Install the Package and Start ExPanD

First, you need to install the package. I recommend installing the Github development version of the package as it fixes some small bugs that I discovered directly after submitting to CRAN (sigh…).

# Install the current development version

# Install from CRAN
# install.packages("ExPanDaR")

Next, you start ExPanD(), the shiny app of the package that is designed for interactive data exploration. When you start ExPanD with the parameter export_nb_option = TRUE, it allows you to export an R notebook containing the current state of your analysis from within the ExPanD app.

To explore country-level CO2 emissions we will use the World Bank data that comes with the package but you can do the same with just about every data frame that contains at least two numerical variables by simply calling ExPanD(data_frame, export_nb_option = TRUE).


ExPanD(worldbank, df_def = worldbank_data_def, var_def = worldbank_var_def,
       export_nb_option = TRUE)

Explore Your Data Interactively

After a little bit of a wait, you will see a shiny app that lets you explore a country-year panel of World Bank data. Select some visuals to display the distribution of CO2 emissions, measured in metric tons per inhabitant (cO2_emissions_capita). You will see that the distribution is log-normal: Many countries have relatively low levels of emissions while few countries have very high levels. You can define a logged variant of cO2_emissions_capita in the app to see that this variable is more normally distributed.

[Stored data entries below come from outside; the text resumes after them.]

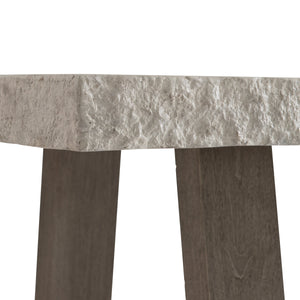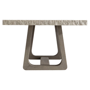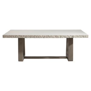 Dining table top of glass-reinforced concrete in Sand Grey finish with smooth top and textured sides.All fasteners to be Stainless Steel or galvanized.Weathered Teak finish on teak dining table base with angled 'U' shaped open ends and center stretcher at bottom.
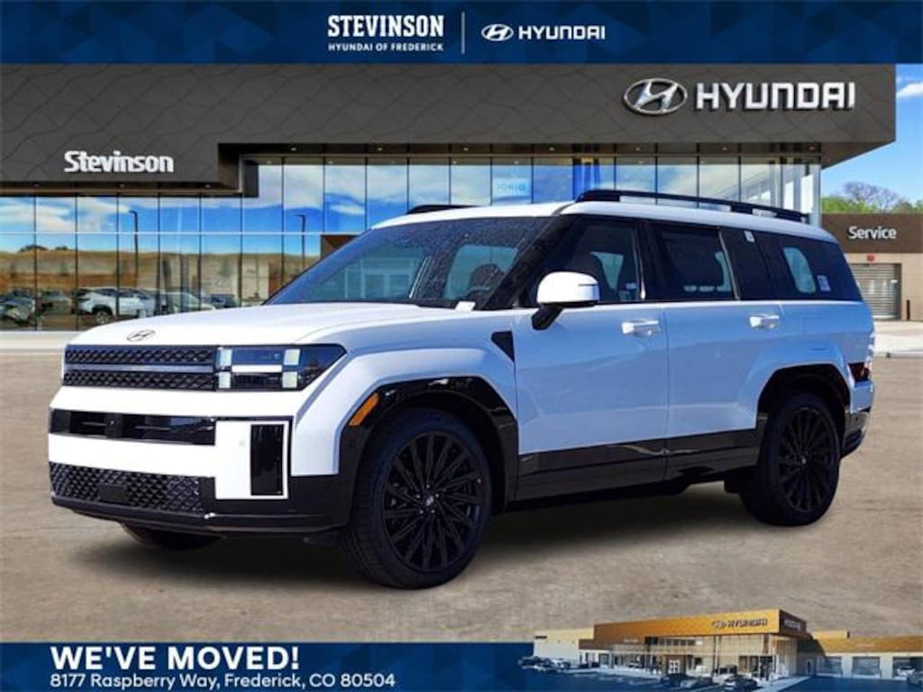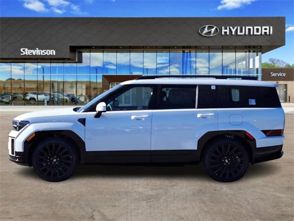 Serenity White 2026 Hyundai Santa Fe 8-Speed Automatic with SHIFTRONIC Calligraphy AWD, Pecan Brown Leather. Option Group 01, AWD, Pecan Brown Leather, 12 Speakers, 3rd row seats: bench, 4-Wheel Disc Brakes, ABS brakes, Air Conditioning, Alloy wheels, AM/FM radio: SiriusXM, Apple CarPlay & Android Auto, Auto High-beam Headlights, Auto-dimming Rear-View mirror, Automatic temperature control, Brake assist, Bumpers: body-color, Cargo Blocks, Cargo Net, Cargo Tray, Carpeted Floor Mats, Delay-off headlights, Driver door bin, Driver vanity mirror, Dual front impact airbags, Dual front side impact airbags, Electronic Stability Control, Emergency communication system, Exterior Parking Camera Rear, First Aid Kit, Four wheel independent suspension, Front anti-roll bar, Front Bucket Seats, Front Center Armrest, Front dual zone A/C, Front reading lights, Fully automatic headlights, Garage door transmitter: HomeLink, Heads-Up Display, Heated & Ventilated Front Bucket Seats, Heated door mirrors, Heated front seats, Heated rear seats, Heated steering wheel, Illuminated entry, Knee airbag, Leather steering wheel, Low tire pressure warning, Memory seat, Mudguards, Navigation System, Occupant sensing airbag, Outside temperature display, Overhead airbag, Overhead console, Panic alarm, Passenger door bin, Passenger vanity mirror, Power door mirrors, Power driver seat, Power Liftgate, Power moonroof, Power passenger seat, Power steering, Power windows, Quilted Premium Nappa Leather Seat Trim, Radio: AM/FM/HD Bose Premium Audio System, Rain sensing wipers, Rear anti-roll bar, Rear side impact airbag, Rear window defroster, Rear window wiper, Remote keyless entry, Roadside Assistance Kit, Roof Rack Crossbars, Security system, Speed control, Speed-sensing steering, Split folding rear seat, Spoiler, Steering wheel mounted audio controls, Tachometer, Telescoping steering wheel, Tilt steering wheel, Traction control, Trip computer, Turn signal indicator mirrors, Variably intermittent wipers, Ventilated front seats, and Wheels: 21 x 8.5J Unique Dark Finish Alloy.
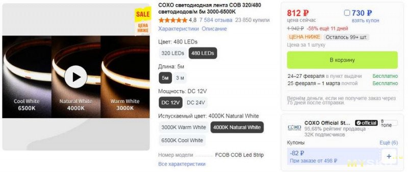 Светодиодная лента на напряжение 12v, нейтральная цветовая температура 4000K:
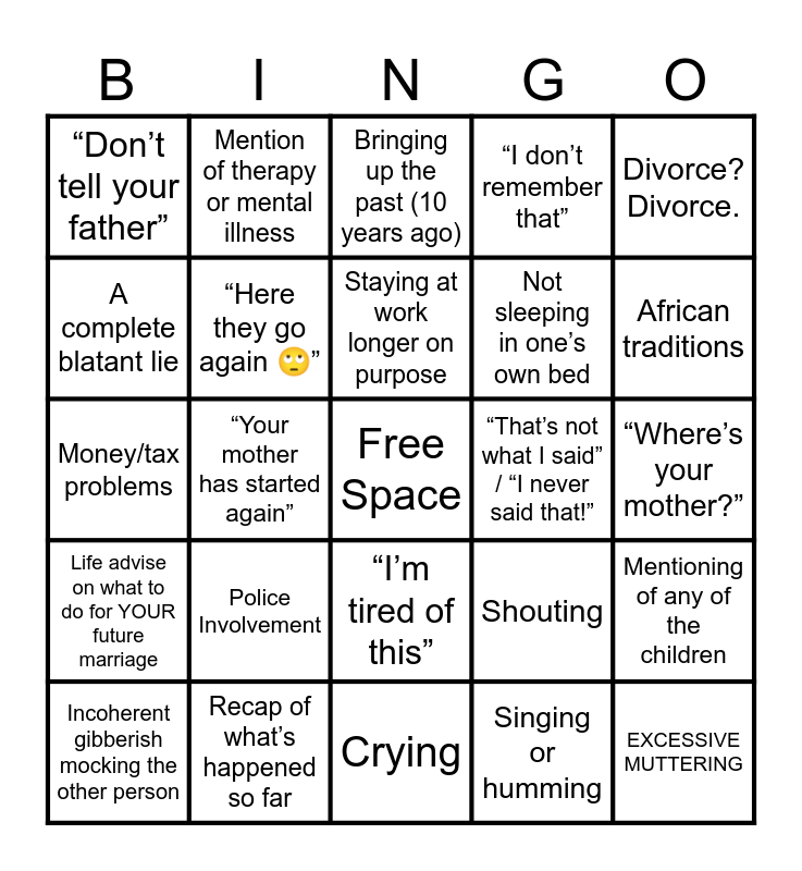 This bingo card has a free space and 29 words: Incoherent gibberish mocking the other person, Swear words, “Your mother has started again”, Mention of family members or relatives (dead or alive), “Don’t tell your father”, Bringing up the past (10 years ago), “Here they go again 🙄”, Police Involvement, “That’s not what I said” / “I never said that!”, Recap of what’s happened so far, “Where’s your mother?”, EXCESSIVE MUTTERING, Crying, Singing or humming, African traditions, “Your father has started again”, “I’m tired of this”, Life advise on what to do for YOUR future marriage, Divorce? Divorce., Money/tax problems, Shouting, “You caused all this!”, Not sleeping in one’s own bed, A complete blatant lie, “I don’t remember that”, Mention of therapy or mental illness, Mentioning of any of the children, Staying at work longer on purpose and Quarreling in front of Auntie.
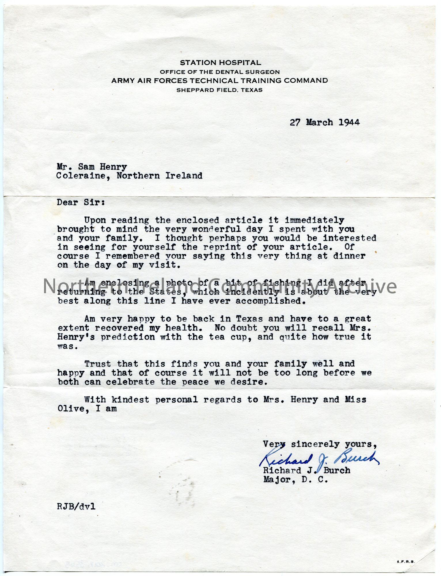 Typed letter to Sam Henry. Remembers a day spent with Sam and his family. Encloses a photograph of himself fishing in America. Gives his wishes to Sam, Maimie and Olive.
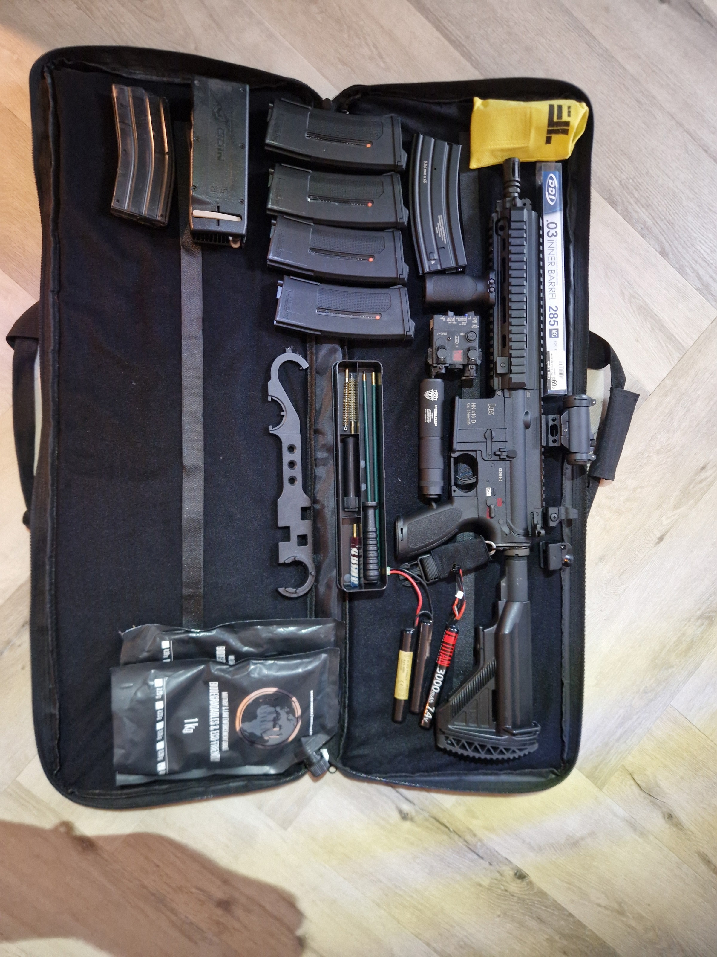 Na ongeveer een jaar actief te zijn geweest in de airsoft en ongeveer 4 a 5 skirms te hebben gespeeld, heb ik besloten te stoppen vanwege tijdgebrek. Daarom bied ik hierbij mijn volledige uitrusting aan. Alles is goed onderhouden, compleet en direct speelklaar. Ideaal voor de beginnende of gevorderde speler die op zoek is naar een betrouwbare en kwalitatieve setup.
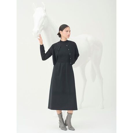 カーディガンのフロントには、さりげなく華やぎを添えるビジュー釦をあしらい、装いに上品なきらめきをプラスします。ワンピースの身頃はすっきりとしたリブがボディラインを美しく整え、ウエストには減らし目でギャザーの分量を調整。計算されたフィット&フレアーシルエットが、女性らしさをより一層引き立てます。
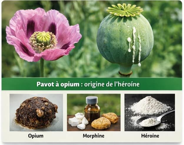 L’héroïne est une drogue semi-synthétique, obtenue à partir de la morphine extraite de l’opium. Sa transformation repose sur l’utilisation de réactifs chimiques spécifiques, connus et documentés de longue date.
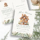 Carte postale de vacances animée. Annoncez votre nouveau domicile pendant cette période des fêtes avec notre charmante carte postale « Nouveau chez-soi pour les fêtes ». Avec ses trois adorables maisons en pain d'épice aquarellées et ses branches botaniques de verdure hivernale élégantes dans des verts riches, des crèmes et des beiges, cette carte postale est un moyen idéal de partager votre excitation avec vos amis et votre famille. Sa simplicité et son élégance en font un choix idéal pour répandre facilement la joie des fêtes. Laissez cette carte postale charmante faire partie de vos célébrations festives, et découvrez comment notre collection complète de fêtes peut apporter de la sophistication et de la joie à chaque aspect de votre saison des fêtes. Répandez la magie des fêtes avec une carte postale qui en dit long.
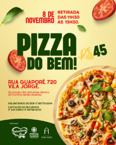 Os Voluntários do Bem lançaram mais uma edição da Pizza do Bem, iniciativa solidária em prol do Hospital de Câncer de Catanduva (HCC). As pizzas estão à venda por R$
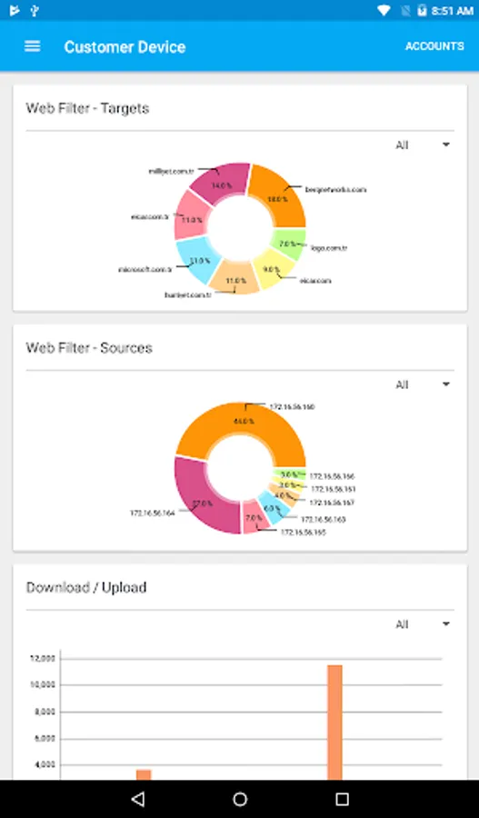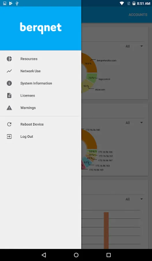 Berqnet report application connects to a berqnet firewall and easily monitors important reports like traffic, web usage, resources, services, warnings, licenses.
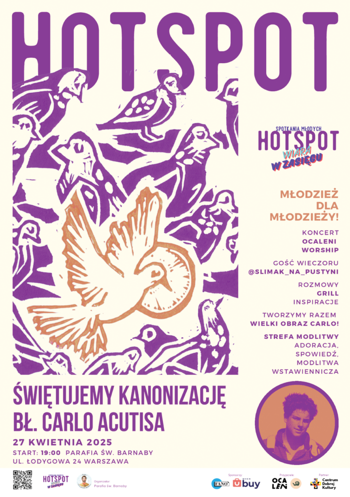 Już w niedzielę 27 kwietnia w parafii św. Barnaby Apostoła w Warszawie odbędzie się wyjątkowy wieczór dla młodych – HOTSPOT – Wiara w zasięgu. Wydarzenie jest odpowiedzią na jedno z najważniejszych wydarzeń w Kościele ostatnich lat – kanonizację bł. Carlo Acutisa, nastolatka, który pokazał światu, że świętość jest możliwa także dziś: w dżinsach, z plecakiem i smartfonem w dłoni.

Let’s assume that at some point, you are done interactively exploring the data and want to export your findings for future study. One thing that you can do is that you can save your current app choices (scroll down, hit save). For the lazy: The code below reads my choices and starts ExPanD with them so that you can follow the analysis below (the even lazier can also just access the shiny app online here).

config_co2 <- readRDS(url(""))

ExPanD(worldbank, df_def = worldbank_data_def, 
       var_def = worldbank_var_def,
       config_list = config_co2, export_nb_option = TRUE)

Export a Notebook Containing Your Analysis

While this allows you to restart ExPanD with your current analysis at a later point, you most likely want to extend the analysis by hand, e.g. by estimating more refined models or by adding more visuals. For this, you can export a Notebook containing the analysis. To do so, scroll to the bottom of the ExPanD app and click on the button below.

ExPanD export Notebook button

You should be rewarded with a file download dialog, asking you to store a file named Store and unzip it wherever you like. It contains two files

  • A notebook file ExPanD_nb_code.Rmd and
  • a data file ExPanD_nb_data.RData containing data and variable definitions.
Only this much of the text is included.